# small tractor pulling baler?



## MyDaughtersPony (Jun 12, 2016)

Will a simplicity 9020 20 hp tractor pull a NH 66 motor power baler?


----------



## Dill (Nov 5, 2010)

Pull maybe, shake it and you to death, and be really scary if you need to stop.


----------



## Steve 78 (Jul 31, 2015)

Amish around here pull a baler and wagon with 4 horses. We used to bale with a 9n Ford pulling a PTO 66 baler,once in a while we would pull a wagon behind.


----------



## bool (Mar 14, 2016)

It would be powerful enough to pull the baler, but the baler is twice its weight and it would not be designed to pull a load that heavy. It might pull the baler slowly around a small, flat hay field but not on the road. How good are its brakes?

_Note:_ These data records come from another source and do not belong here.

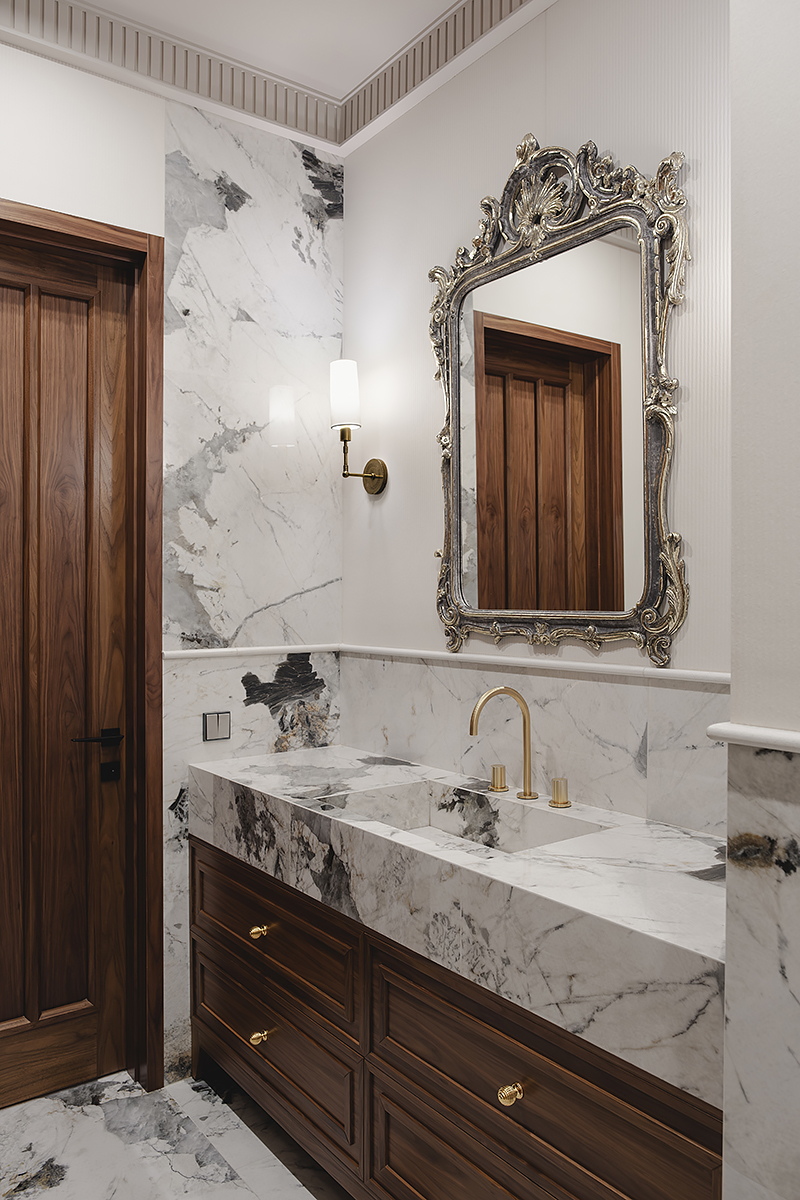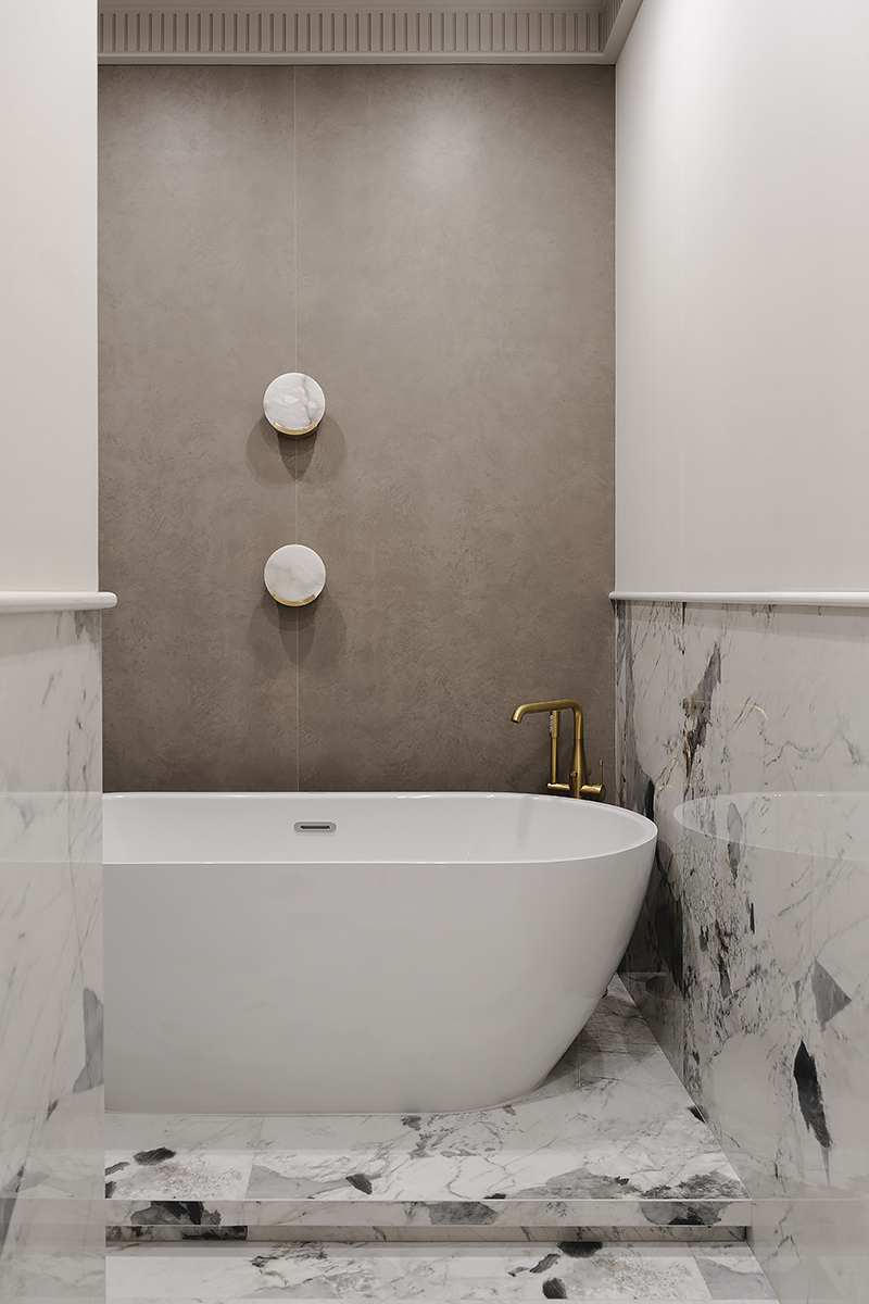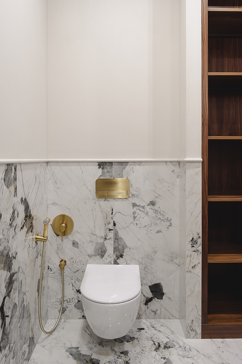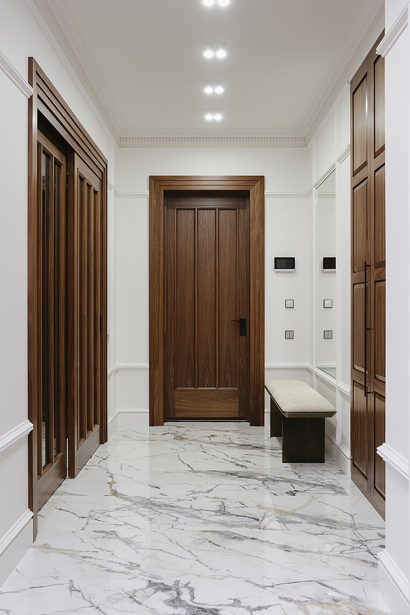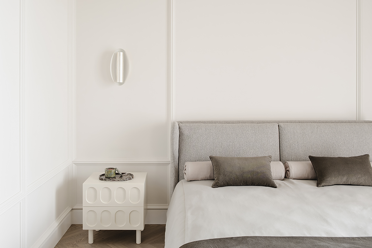 The space is shaped by clear geometry, built-in volumes and thoughtful zoning. Careful attention to proportions, textures and light creates a multi-layered and visually rich environment.
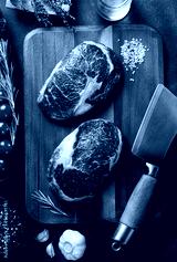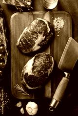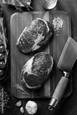 Fresh raw beef steak on cutting board. Stone background with ingredients for cooking. Ribeye top view
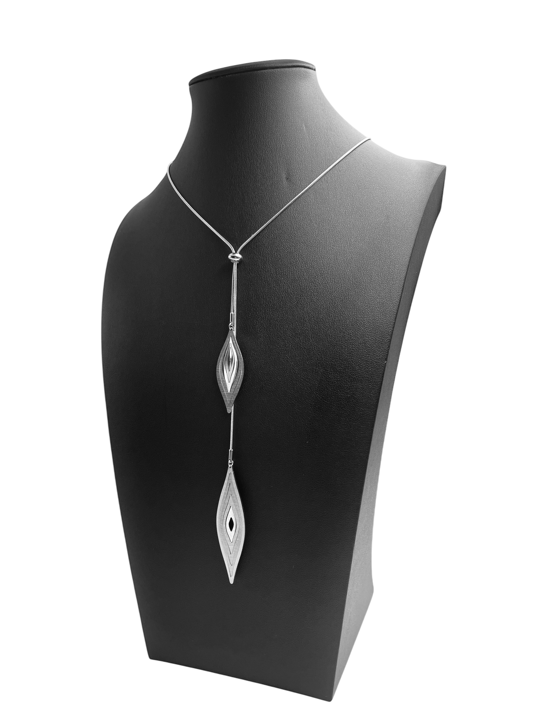 Handmade jewelry Illusion Leafs Pendant with a 1.2mm round snake steel chain and two leaf- shaped steel elements. With the ball washer you can adjust the pendant so that the elements are at the height you want depending on the clothes you are wearing. A convenient and impressive piece of jewelry for any occasion!
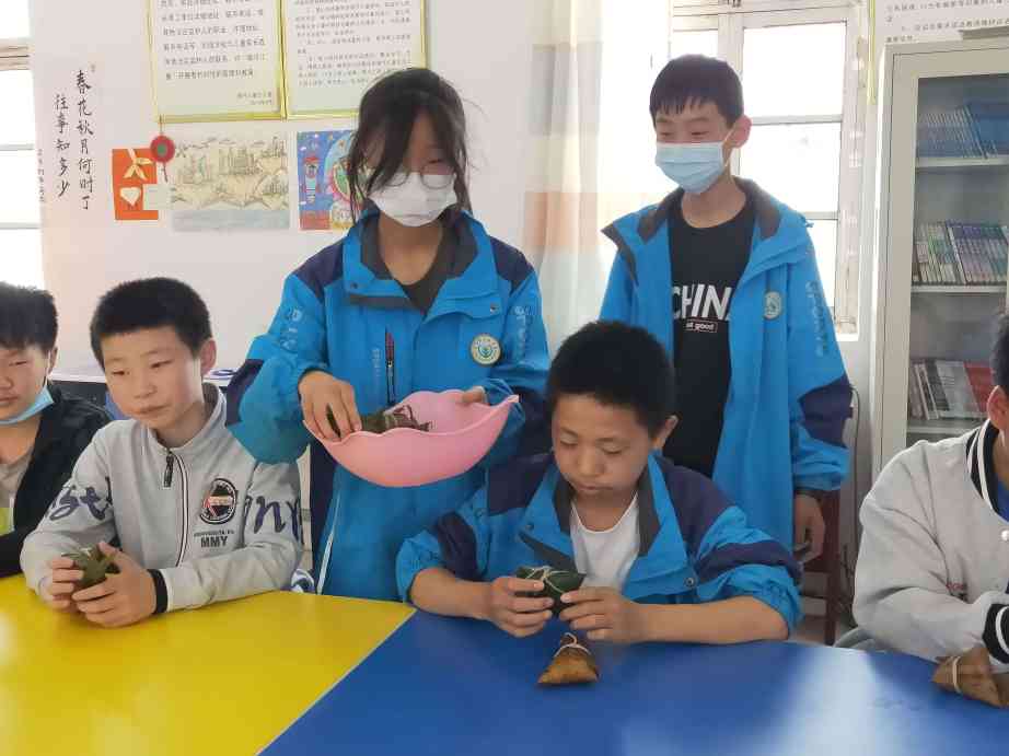 活动中,老师们给同学们讲解了端午的由来及风俗,让同学们认识到端午节的文化内涵及过端午的意义。随后,在老师们的指导下,同学们兴致勃勃,相互学习,通过配食材、折粽叶、装糯米、系丝线等环节,一步步完成了粽子的制作过程。在大家的齐心协力配合下,一个个饱满立体,散发着清香的粽子呈现在大家面前。现场欢声笑语,洋溢着浓厚的节日氛围。最后大家把带着满满爱心的粽子,分发给留守儿童和镇敬老院的独孤老人,为他们送上了节日的问候与祝福。
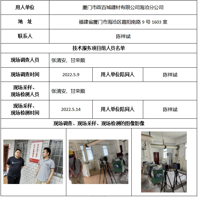 廈門市政百城建材有限公司海滄分公司2022年工作場所職業病危害因素檢測
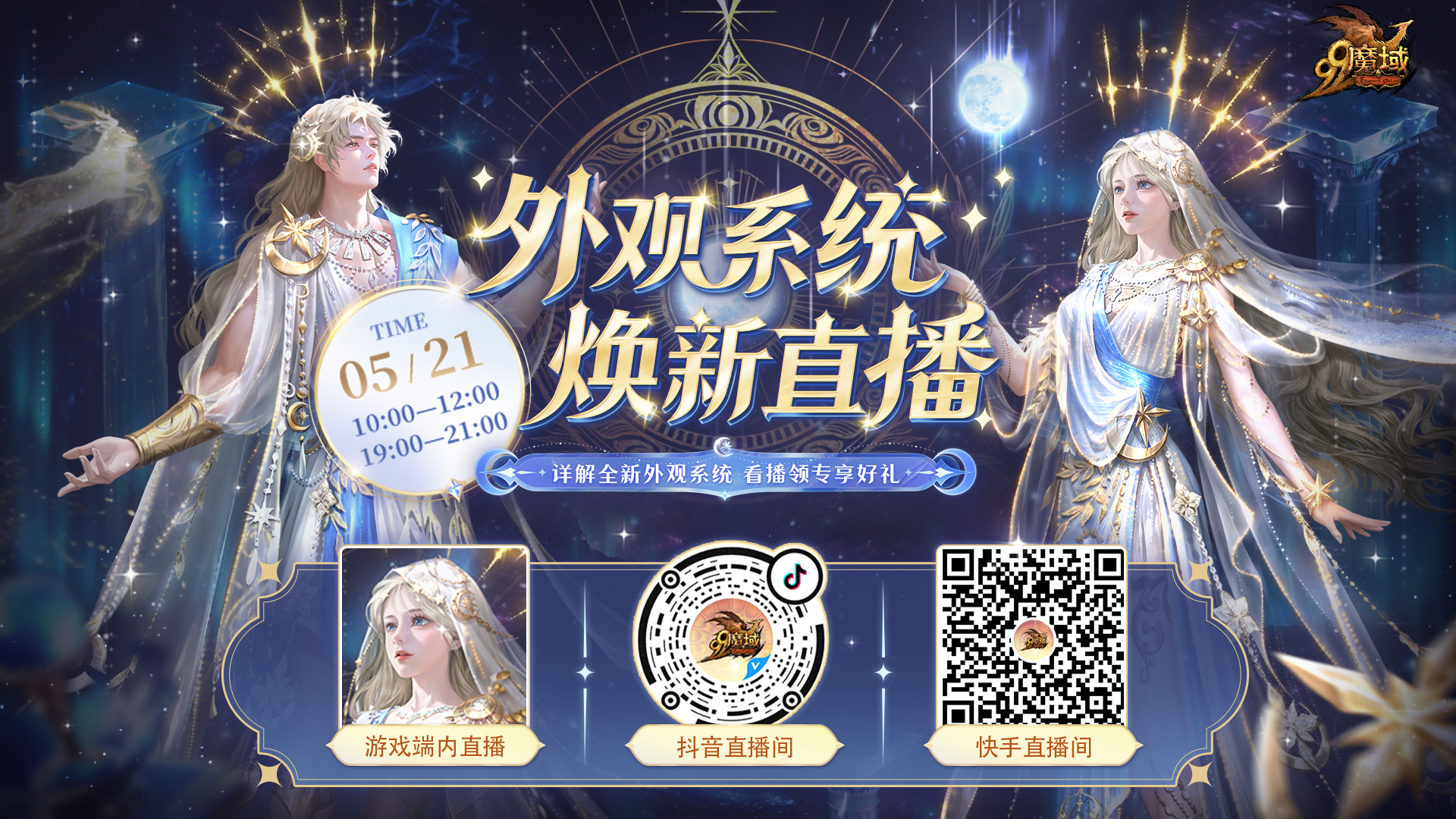 5月21日当天早10点至12点、晚19点至21点,魔域官方全平台同步直播,为您详解全新外观系统,看播还能领取专享好礼,直播福袋最高送8888点魔石!
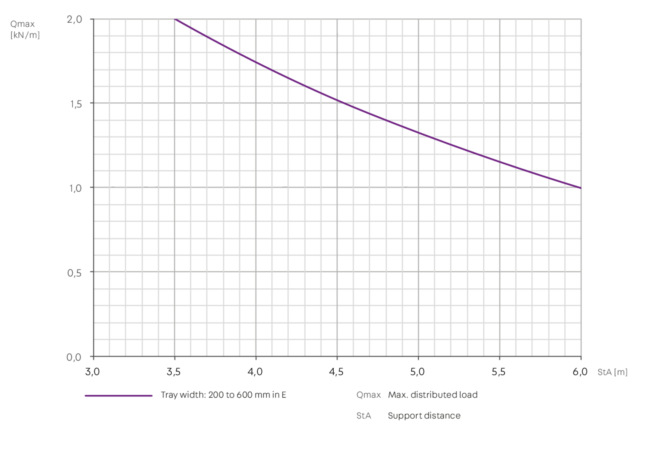 The wide-span cable trays WPR 100 have rails 100 mm high and are available in widths of 200 to 600 mm. The standard length is 6000 mm. The maximum load capacities can only be achieved by using the rail supports. The wide-span spar supports are to be used for fastening to the substructure. We provide components in various materials and surface finishes to ensure that various corrosion protection requirements for different areas of application are met.
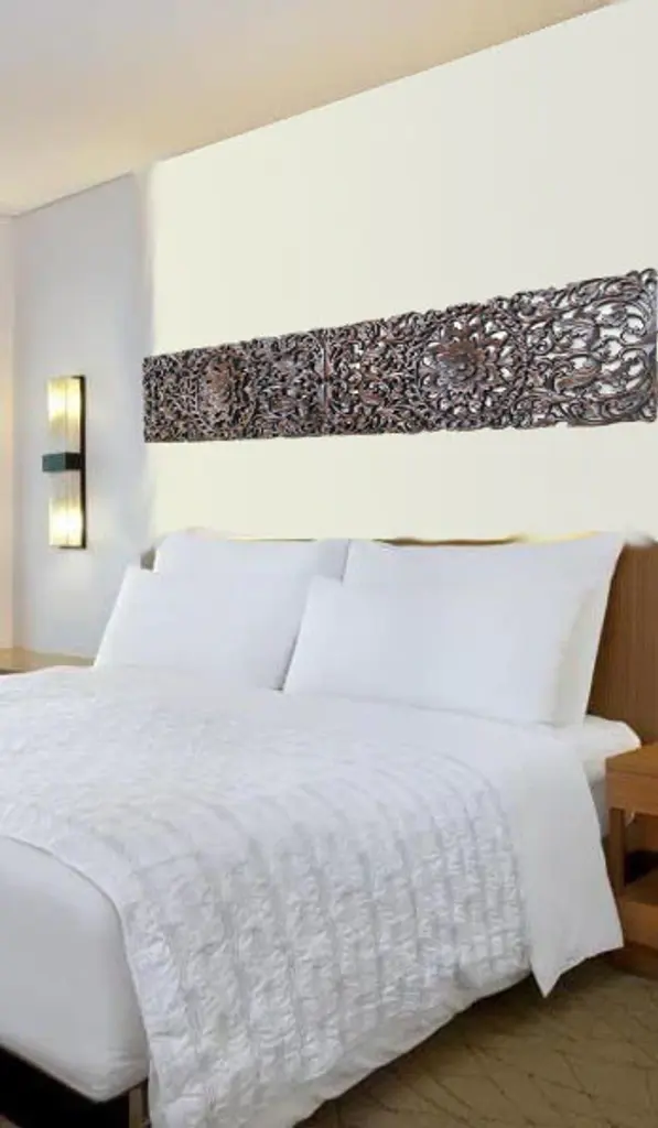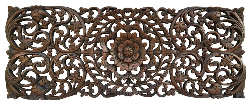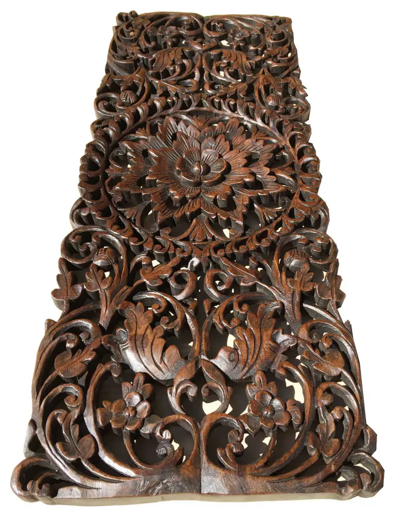 Large Wood Carved Panels. Perfect for large wall decoration. Floral wall art that will add beauty to any room. This carved wood plaque can be used as headboard that will add beauty to your bedroom. Made from teak wood. A product of Thailand that expresses a wonderful home decorative ambiance.Size • Weight • Color • MaterialsHeight: 35.5" InchesWidth: 13.5" InchesThickness: 1" InchesWeight: 8.0 lbs.Material: Teak WoodPlease note that you may see a slight difference in color as compared to that seen on your computer screen. Also, since most products are handmade and they are crafted from natural wood, there may be a slight size variation.
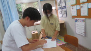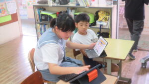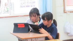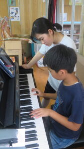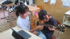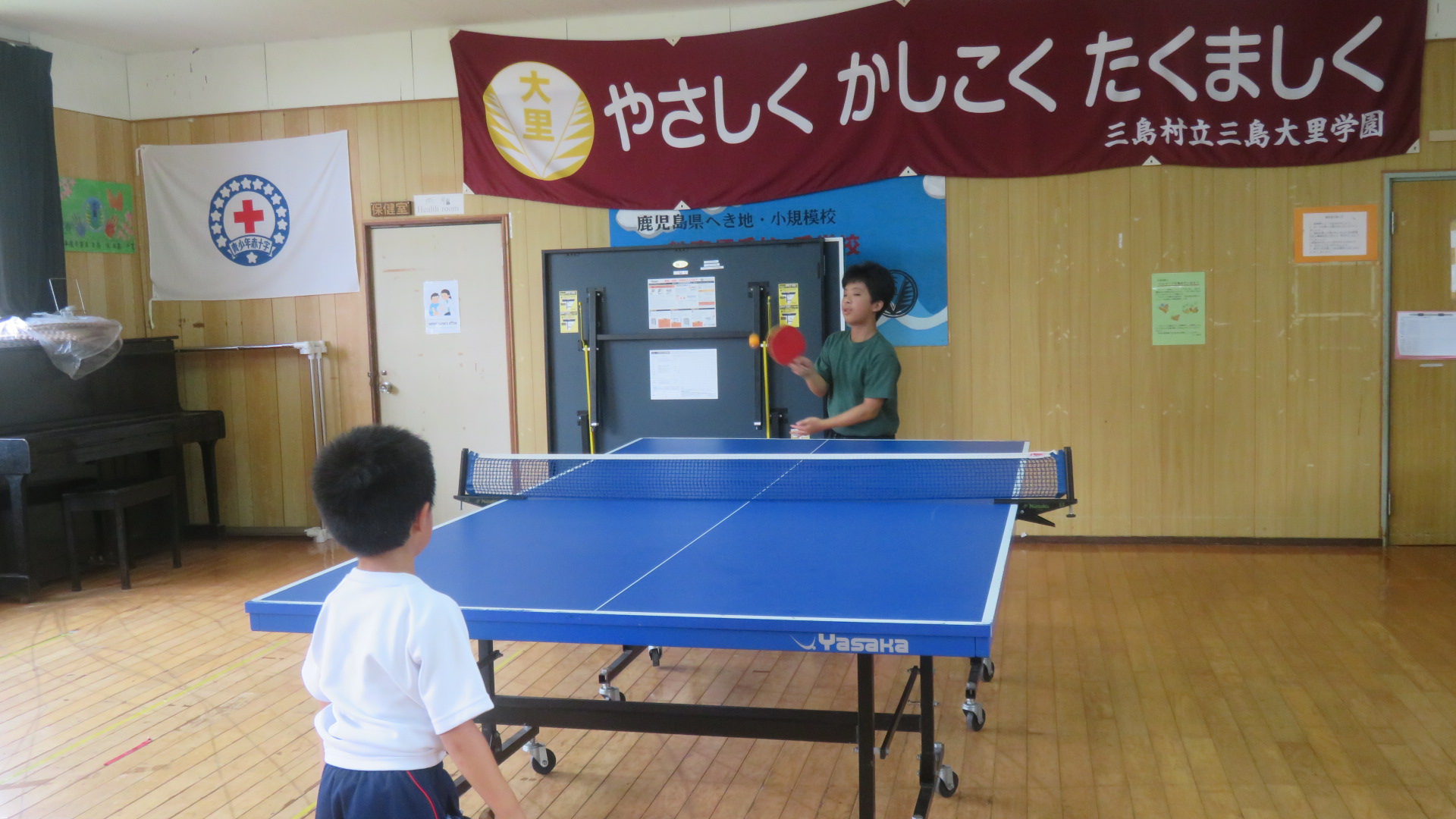 大里郷中教育をしました!! 投稿者: 三島村立 三島大里学園 2025年6月30日 大里郷中教育とは・・・ 児童生徒どうしが教え合う時間を設けることによって、自己有用感や自己肯定感を育み、学習内容の定着を図ることが目的となっています。後輩が知りたいことを先輩が事前に聞いたり調べたりして教えるという、第1回目が行われました。卓球やギター、ピアノ、算数などいろいろな分野を学んでいました♪ みんな笑顔でお互い学ぶことができていました。また次回が楽しみです!!

How well does the Farmall B pull it? The Simplicity would be worse.

Roger


----------



## MyDaughtersPony (Jun 12, 2016)

We would trailer the simplicity to the field. And pull the baler slowly with the truck. I found a back road route. We could go very slow. Not ideal but I'm trying to make due with what I have.


----------



## 8350HiTech (Jul 26, 2013)

Steve 78 said:


> Amish around here pull a baler and wagon with 4 horses. We used to bale with a 9n Ford pulling a PTO 66 baler,once in a while we would pull a wagon behind.


A baler is going to shake four horses less than it will a 20hp tractor that's hitched through a solid pin and not a more forgiving harness.


----------



## 8350HiTech (Jul 26, 2013)

MyDaughtersPony said:


> We would trailer the simplicity to the field. And pull the baler slowly with the truck. I found a back road route. We could go very slow. Not ideal but I'm trying to make due with what I have.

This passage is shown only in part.